Sim, seguimos em contato. Criamos um laço que não pode ser desfeito. É como se fôssemos uma grande família. Nos encontramos, nos falamos, e sempre que possível, estamos juntos para compartilhar nossas vidas. Porque só nós sabemos, de verdade, o que aquilo significou. E quando nos reunimos, não precisamos explicar nada. Basta um olhar.

Por que você decidiu se tornar palestrante e contar essa história para outras pessoas?
No começo, eu não queria falar. Era doloroso demais. Mas com o tempo, percebi que havia um valor em compartilhar. As pessoas me ouviam e se emocionavam. Vi que minha experiência podia inspirar, ensinar. E hoje, quando subo ao palco, tento transmitir não a dor, mas a força que descobrimos em nós mesmos. É uma forma de transformar o trauma em algo positivo.

Que mensagem você gostaria de deixar ao público brasileiro, especialmente aos mais jovens?
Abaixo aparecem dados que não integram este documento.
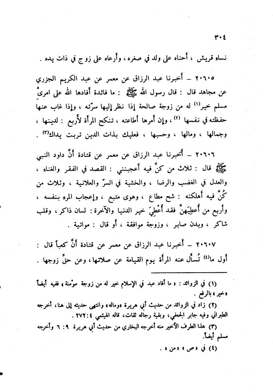 ٢٠٦٠٦ - أَخْبَرَنَا عَبْدُ الرَّزَّاقِ، عَنْ مَعْمَرٍ، عَنْ قَتَادَةَ، «أَنَّ دَاوُدَ النَّبِيَّ صَلَّى اللهُ عَلَيْهِ وَسَلَّمَ قَالَ: ثَلَاثٌ مَنْ كُنَّ فِيهِ أعَجَبْنَنِي: الْقَصْدُ فِي الْفَقْرِ وَالْغِنَاءِ، وَالْعَدْلُ فِي الْغَضَبِ وَالرِّضَا، وَالْخَشْيَةُ فِي السِّرِّ وَالْعَلَانِيَةِ، وَثَلَاثٌ مَنْ كُنَّ فِيهِ أهْلَكَتْهُ: شُحٌّ مُطَاعٌ، وَهَوًى مُتَّبَعٌ، وَإِعْجَابُ الْمَرْءِ بِنَفْسِهِ، وَأَرْبَعٌ مَنْ أُعْطِيَهُنَّ فَقَدْ أُعْطِيَ خَيْرَ الدُّنْيَا وَالْآخِرَةِ: لِسَانٌ ذَاكِرٌ، وَقَلَبٌ شَاكِرٌ، وَبَدَنٌ صَابِرٌ، وَزَوْجَةٌ مُوَافِقَةٌ - أَوْ قَالَ: مُوَاتِيَةٌ»

Gostaria que as pessoas entendessem que a vida, às vezes, impõe desafios impensáveis. Mas sempre há uma força interior que pode nos mover adiante. E que, mesmo nos piores momentos, é a solidariedade, o olhar para o outro, que nos salva. Sozinhos, ninguém consegue. E não precisamos esperar uma tragédia para perceber isso.